- _What is expected_: Copy the listing that follows exactly. Its pictures do not belong in the copy.

- _Dataset extract_:
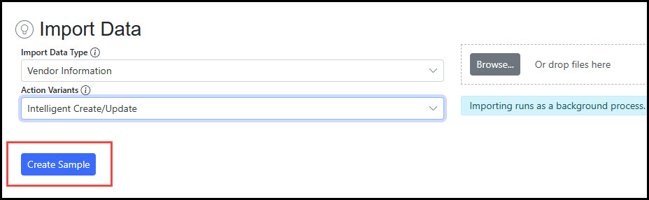Step 3 - Create Sample Layout (Optional) The Create Sample button downloads an Excel files in the format required for the Import Data Type selected. This is not required for the process if user has the proper layout.
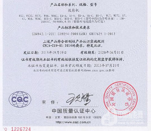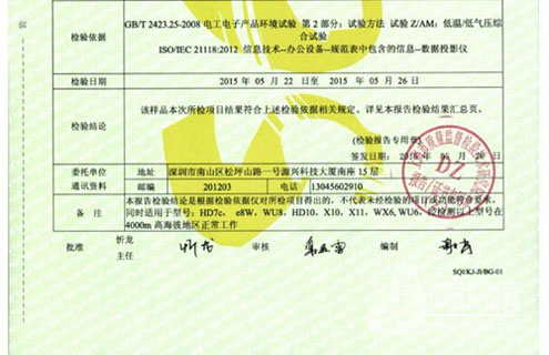 AVANZA投影機(jī)同時(shí)還獲得了國(guó)家權(quán)威認(rèn)證機(jī)構(gòu)頒發(fā)的海拔4000米無亮度衰減的證書:
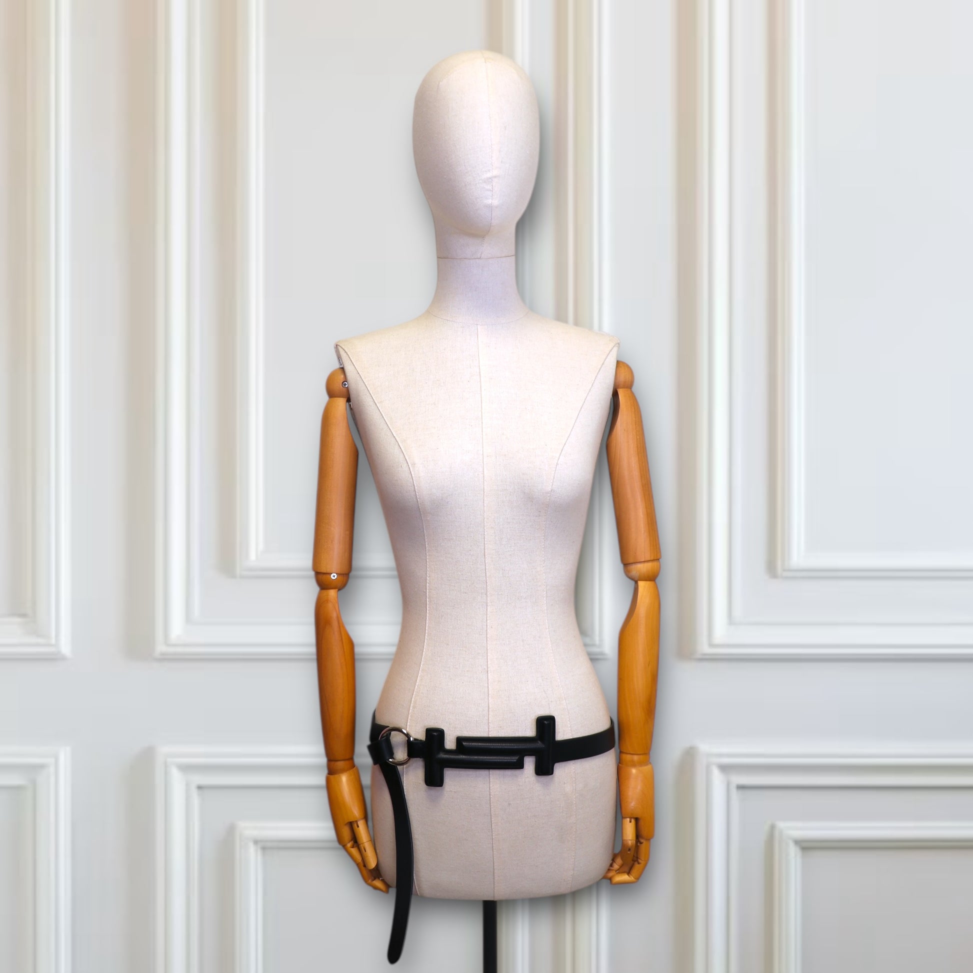 Der Gürtel ist mit Grösse 85 angeschrieben, lässt sich jedoch variabel tragen. Mit einer Gesamtlänge von 126 cm und einer Gurtbreite von 2.7 cm bietet er vielseitige Tragemöglichkeiten – perfekt zu Jeans, Stoffhosen oder über Blazern. Die prägnante Schnalle misst ca. 8.5 x 19.5 cm und verleiht dem Look eine moderne, architektonische Note.

- _Exercise result_:
Step 3 - Create Sample Layout (Optional) The Create Sample button downloads an Excel files in the format required for the Import Data Type selected. This is not required for the process if user has the proper layout.
 AVANZA投影機(jī)同時(shí)還獲得了國(guó)家權(quán)威認(rèn)證機(jī)構(gòu)頒發(fā)的海拔4000米無亮度衰減的證書:
 Der Gürtel ist mit Grösse 85 angeschrieben, lässt sich jedoch variabel tragen. Mit einer Gesamtlänge von 126 cm und einer Gurtbreite von 2.7 cm bietet er vielseitige Tragemöglichkeiten – perfekt zu Jeans, Stoffhosen oder über Blazern. Die prägnante Schnalle misst ca. 8.5 x 19.5 cm und verleiht dem Look eine moderne, architektonische Note.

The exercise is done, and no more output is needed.